But he had two particular concerns, number one being “the issue of prevention dollars to go with this program” so that young offenders could receive “the support services they need to get on the right track.” Barack’s second worry was that by authorizing concurrent juvenile and adult sentences, with the latter kicking in if the offender failed to successfully complete the former, the bill “will result in more incarcerations of young people” if insufficient assistance was available. “We should be able to make distinctions between those young people who are serious offenders and do need to be locked up, and those young people who can still be salvaged, still be saved,” Barack emphasized. He feared Illinois would “continue down a path where our main strategy for dealing with juvenile crime is to lock kids up. That is an unsustainable, unconscionable approach. It is not smart in terms of crime fighting. It is not the kind of state I want to live in, where we are afraid of our children and we are continually building more prisons as opposed to building more schools.” With only Rickey Hendon and Donne Trotter voting no, the Senate passed the bill 50–2, with three other Democrats joining Barack in voting present.47
On the campaign finance issue, Mike Lawrence in late January met privately with each of the four caucus designees as well as Jim Edgar’s youthful deputy chief of staff, Andy Foster, who would represent the governor, before bringing the group together for its first meeting. Lawrence’s initial conversation was with veteran House Democrat Gary Hannig, who recommended they start with the least controversial items, and Lawrence later explained, “I give Representative Hannig credit for the approach that we took.” On the eve of that first session, Lawrence told Paul Simon that “Foster and the four legislators have expressed optimism that consensus can be reached on some reforms,” such as banning fund-raising while the legislature was in session, strengthening disclosure laws, and prohibiting personal use of campaign funds. However, Lawrence believed “consensus will not be reached” on limiting the overall amounts of contributions or expenditures. In early February the group gathered for an initial discussion, and word of it quickly reached Capitol Fax’s Rich Miller, who described the members as “widely respected legislators who should have the ability to convince their respective caucuses to accept their recommendations,” including “up and coming state Sen. Barach Obama.”

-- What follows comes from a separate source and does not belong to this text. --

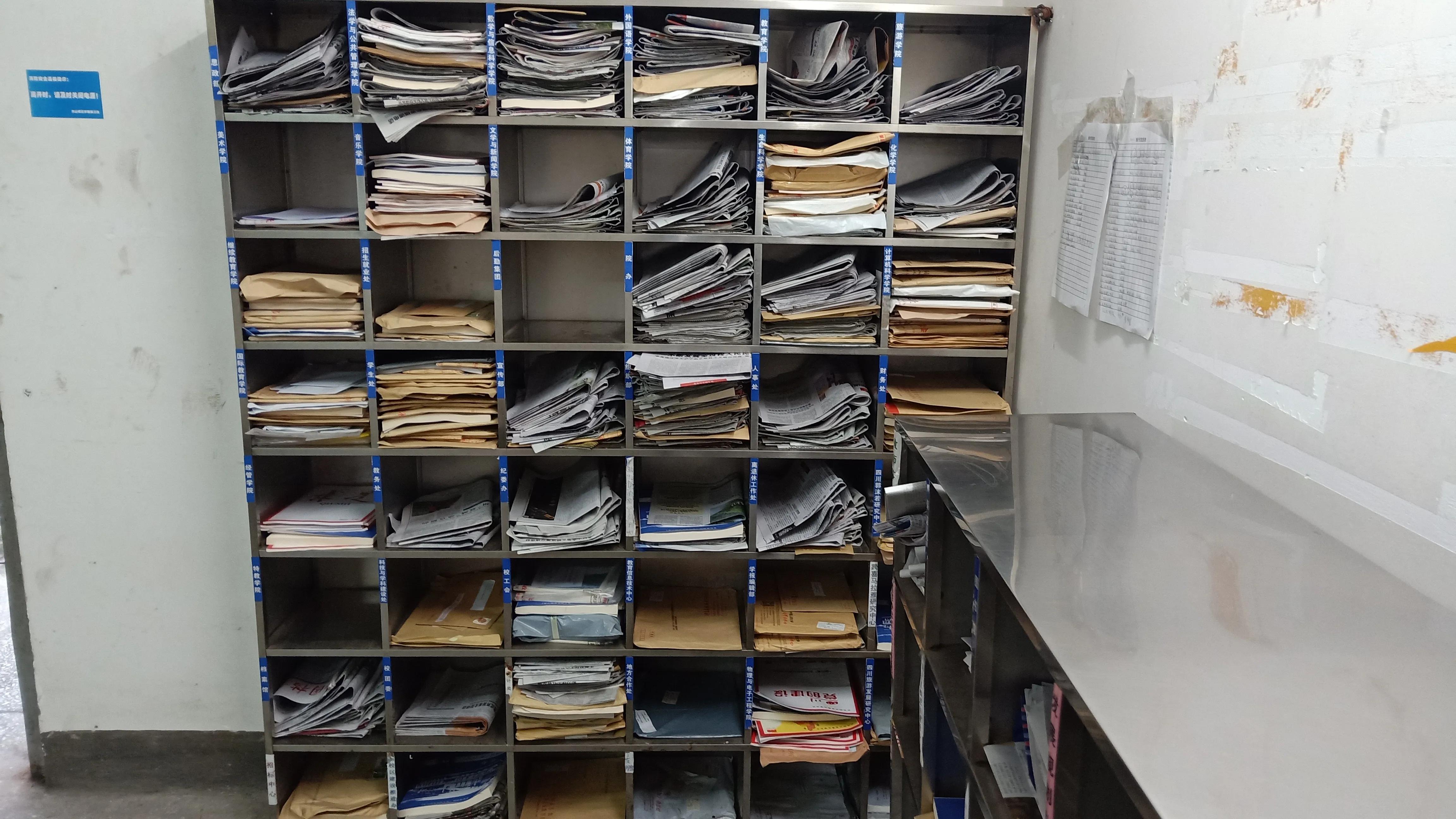 当小编沿着几阶梯子去到收发室里面,入目可见所有学院的报纸收纳柜,如文新学院、经管学院、化学学院等。收发室的廖阿姨,在这已经工作了将近20年,可以说是见证着乐师变化,陪着乐师一起成长。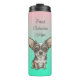 Chien mignon Chihuahua avec de grands yeux illustration. Citation sur le dos de la tasse dit, "Froud Chihuahua Maman" mais vous pouvez personnaliser pour dire ce que vous voulez. dégradé rose à turquoise.

The fourth Saguaro Seminar meeting, on politics and civic engagement, took place in Los Angeles on February’s second weekend. In Springfield, Barack introduced nine bills and the proposed constitutional amendment he had announced months earlier. The most notable of the bills would increase the standard individual tax exemption from $1,000 to $2,500 for families with incomes below $25,000, to $2,000 for ones between $25,000 and $50,000 and to $1,500 for those between $50,000 and $75,000. The next Monday Barack used the bill to make a modest press splash, describing his proposal as a modest corrective to how Illinois’s state Constitution mandated a flat income tax rate—presently 3 percent—for everyone, regardless of income. Illinois “has one of the most regressive tax systems in the country,” one “where a millionaire pays the same tax rate as a single parent who’s making a minimum wage,” Barack emphasized. The proposed amendment, Senate Joint Resolution 48, would add a new section, Universal Health Care Coverage, to the state Constitution’s Bill of Rights: “Health care is an essential safeguard of human life and dignity, and there is an obligation for the State of Illinois to ensure that every person is able to realize this fundamental right. On or before May 31, 2002, the General Assembly by law shall enact a plan for universal health care coverage that permits everyone in Illinois to obtain decent health care on a regular basis.”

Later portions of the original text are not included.